### [SUPPLIED DATA]
◆ ◆ ◆ ◆ ◆ ◆ ◆
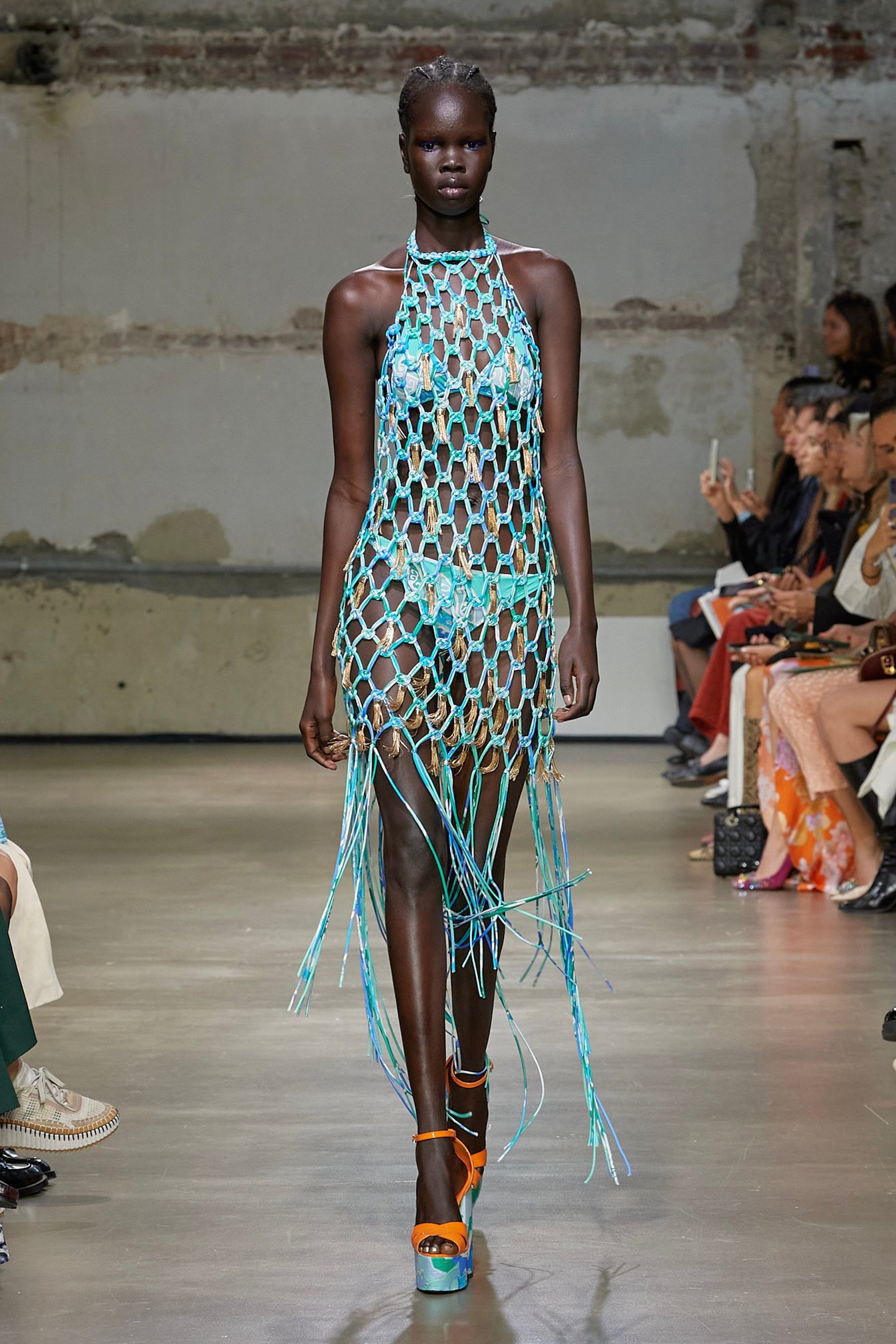 ファーストルックのマクラメを応用したドレスや、初登場のジーンズが印象的で、ラストを飾ったのは軽やかなパラシュートドレス。クリエイティブディレクターのジョージ・ルックス(Georg Lux)は、クリエイティビティの役割として、混乱した世界から自身を解放する夢のような場所を表現したという。
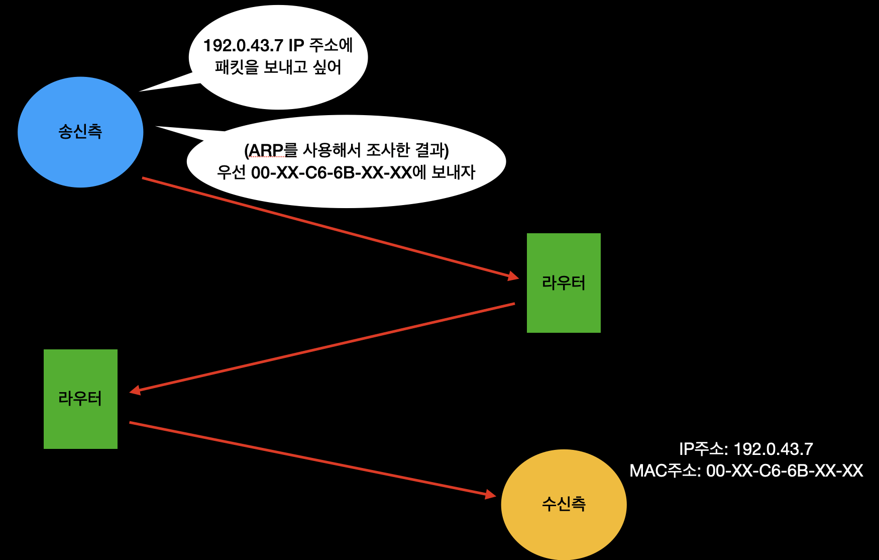 IP 통신은 MAC 주소에 의존해서 통신을 합니다. 중계하는 동안에는 다음으로 중계할 곳의 MAC 주소를 사용하여 목적지를 찾아가는 것입니다. 이때, ARP(Address Resolution Protocol)이라는 프로토콜이 사용됩니다.
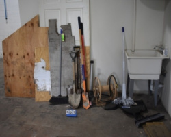 Lot of Shovels, Brooms, Hose Reels, Dustpan, Mops
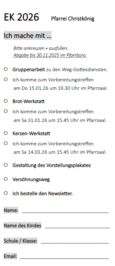 Für Fragen können Sie sich gerne an das Pfarrbüro wenden.
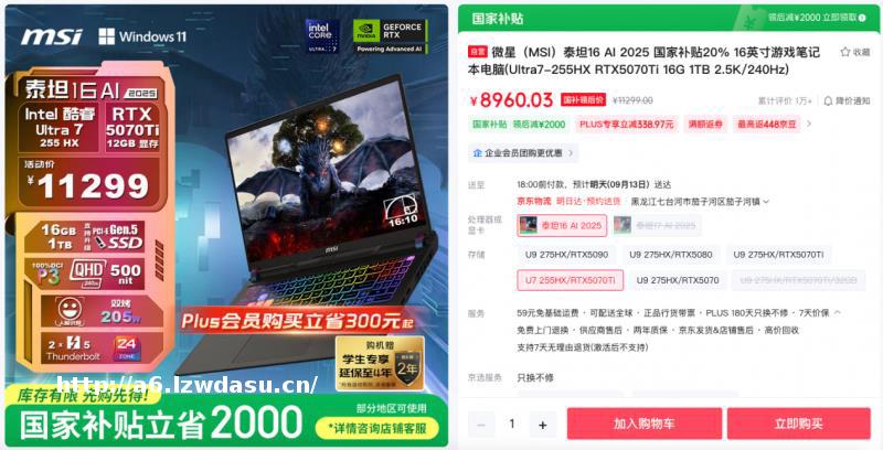 这款游戏本补贴后到手价仅8299元,非常值得冲。
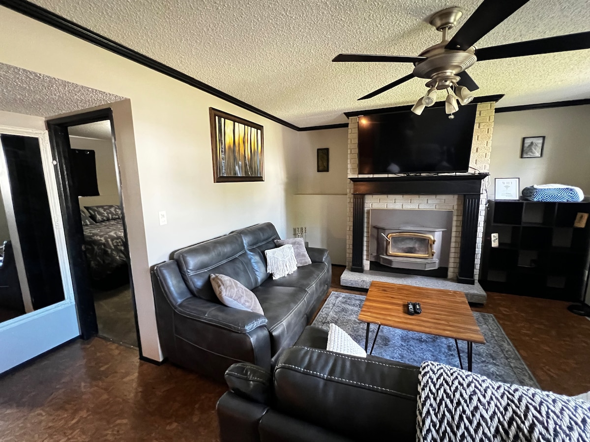 This stylish place to stay is perfect for group trips. Walking distance to grocery store and restaurants. This pet friendly home has everything you need. Fully equipped, bright and spacious! This place has four bedrooms which all have queen beds, two baths and two full living room spaces. This makes this house the perfect space for families. This house includes a large parking space for two large vehicles, large backyard and BBQ deck space. Can sleep a total of 9 people with pull out couch.
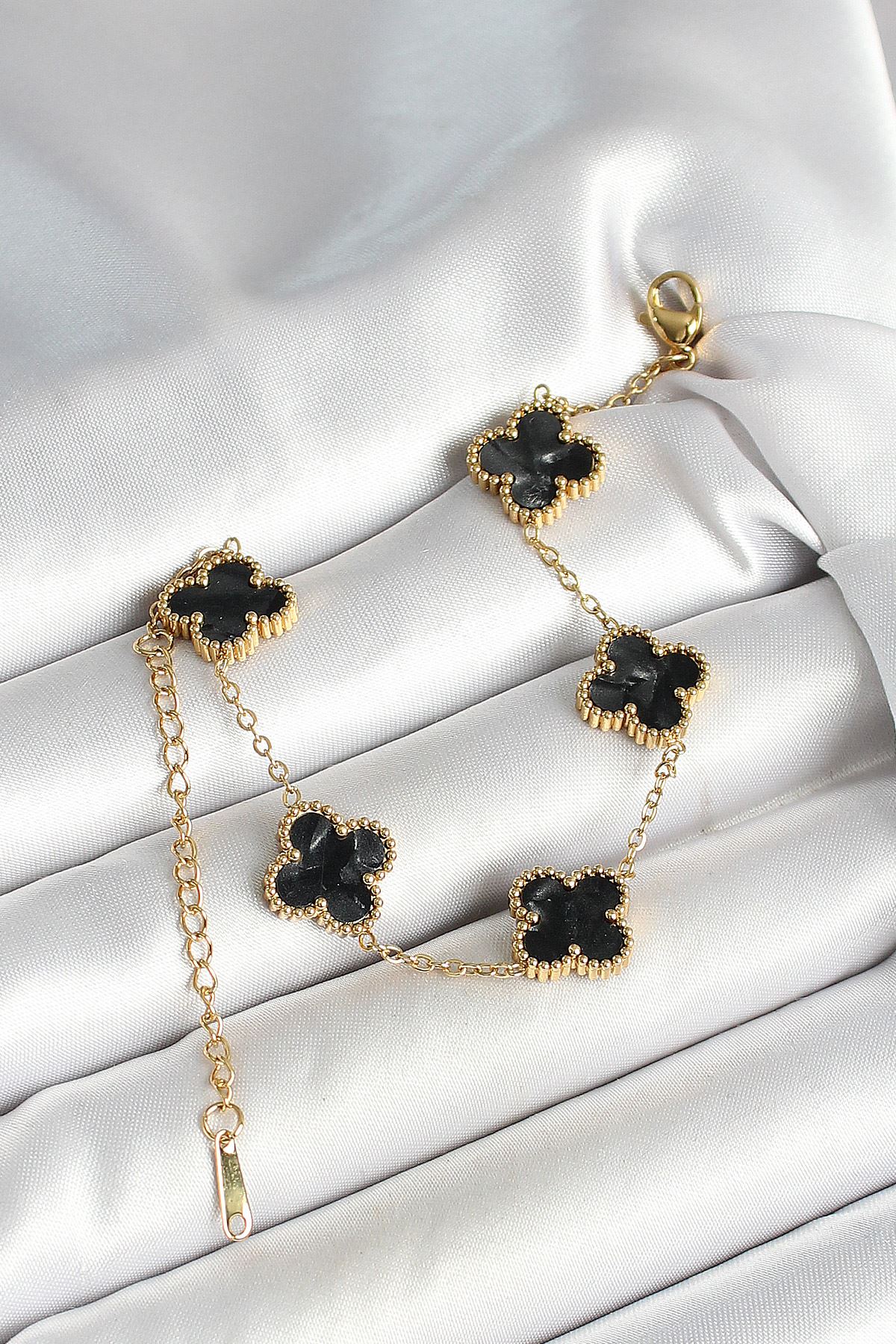 YRTCL 316L Çelik Sedefli Siyah Gold Renk Yonca Kadın Bileklik
◆ ◆ ◆ ◆ ◆ ◆ ◆
### [TASK INSTRUCTIONS]
Retype all the data exactly. Omit pictures.

### [RESPONSE AREA]
 ファーストルックのマクラメを応用したドレスや、初登場のジーンズが印象的で、ラストを飾ったのは軽やかなパラシュートドレス。クリエイティブディレクターのジョージ・ルックス(Georg Lux)は、クリエイティビティの役割として、混乱した世界から自身を解放する夢のような場所を表現したという。
 IP 통신은 MAC 주소에 의존해서 통신을 합니다. 중계하는 동안에는 다음으로 중계할 곳의 MAC 주소를 사용하여 목적지를 찾아가는 것입니다. 이때, ARP(Address Resolution Protocol)이라는 프로토콜이 사용됩니다.
 Lot of Shovels, Brooms, Hose Reels, Dustpan, Mops
 Für Fragen können Sie sich gerne an das Pfarrbüro wenden.
 这款游戏本补贴后到手价仅8299元,非常值得冲。
 This stylish place to stay is perfect for group trips. Walking distance to grocery store and restaurants. This pet friendly home has everything you need. Fully equipped, bright and spacious! This place has four bedrooms which all have queen beds, two baths and two full living room spaces. This makes this house the perfect space for families. This house includes a large parking space for two large vehicles, large backyard and BBQ deck space. Can sleep a total of 9 people with pull out couch.
 YRTCL 316L Çelik Sedefli Siyah Gold Renk Yonca Kadın Bileklik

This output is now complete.